SKILLS can afford to pay about $2-$3 above minimum wage — which currently is $14.65 per hour — but that’s comparable to what people can make in starting pay at local big box retailers, Overton said.

The Medicaid COLA affects 126 of the agency’s 142 employees, and eliminating the cost-of-living increase would mean a wage freeze for at least the next year, Overton said.

“We’re already on the verge of not being competitive in wages,” she said. “These can be really rewarding jobs, but also really difficult jobs. We want to pay our employees what they’re worth.”

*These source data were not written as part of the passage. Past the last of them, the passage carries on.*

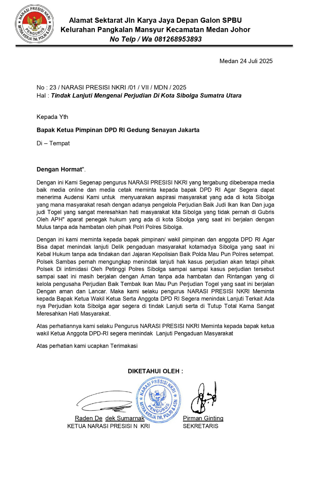 SI PRESISI NKRISibolga,Suararepubliknews.com – Ketua NARASI PRESISI NKRI yang diketuai oleh Raden Dedek Sumarnak Berama Sekjen Pirman Ginting telah mengirim Surat Ke Pimpinan Ketua DPD RI Dan Anggota DPD RI Terkait bebas nya oprasi perjudian yang berada di Sibolga tepatnya jalan Ahmad Yani Scuer Kota Sibolga yang kini hangat hangatnya praktek mapia perjudian yang di awasi seorang pemuda yang diduga bernama Ucok Kelewang CS diduga bersama para petinggi polres sibolga yang saat ini masih berjalan aman dan Langgeng seolah oleh tutup mata.,Jumat (25 /07/2025).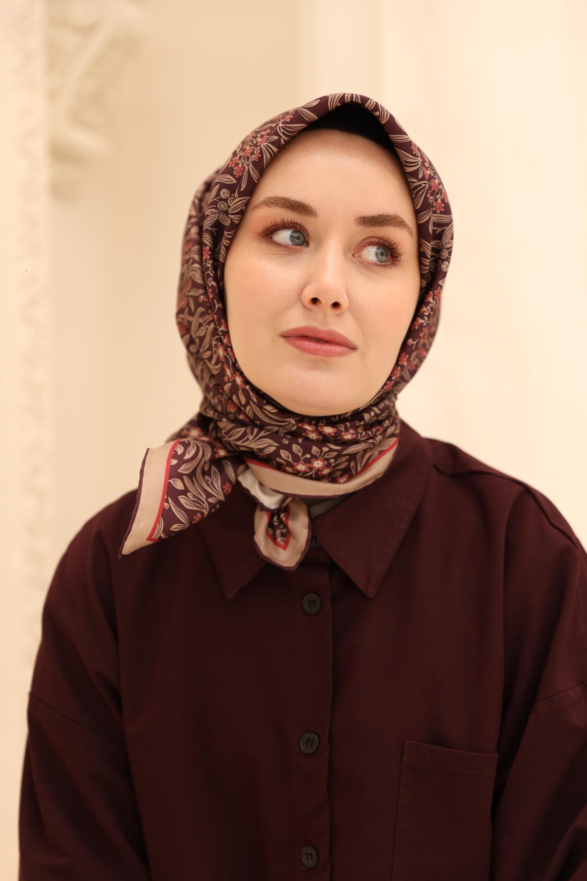 With a rich blend of plum, coral, and taupe shades, this scarf adds a warm and graceful touch to your look. Crafted from 100% twill silk, it offers structure and elegance for daily or formal wear.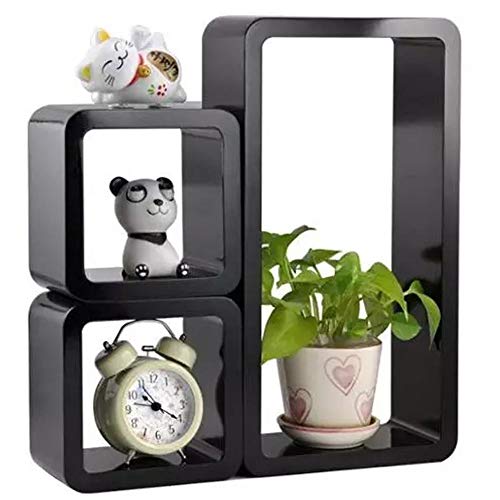 BAKAJI Set 3 Mensole da Parete Moderne Design Rettangolare e Cubo Mensola Scaffale 2 Ripiano in Legno MDF Varie Dimensioni (Nero)

Bloom-Paicopolos said that by cutting COLA, the Mills administration is also reneging on a U.S. Department of Justice consent agreement that was signed in late November, about a week before DHHS announced the cuts that would take effect in January.

The consent agreement, which was settled after a Justice Department lawsuit against Maine for failing to provide adequate services for children with disabilities, requires Maine to “provide annual cost-of-living adjustments for community-based services.”

Separately, a bill by House Speaker Ryan Fecteau, D-Biddeford, would boost wages even higher — by setting reimbursement rates to allow nonprofits to pay 140% of minimum wage, an increase over the current 125% of minimum wage.

Laura Cordes, executive director of the Maine Association for Community Service Providers, said without COLAs, the nonprofits won’t be able to pay even 125% of minimum wage, which is the current state law.

“For a state service system grappling with a workforce shortage, COLAs are not a luxury. They are a necessity, and key to sustaining staff and services,” Cordes said.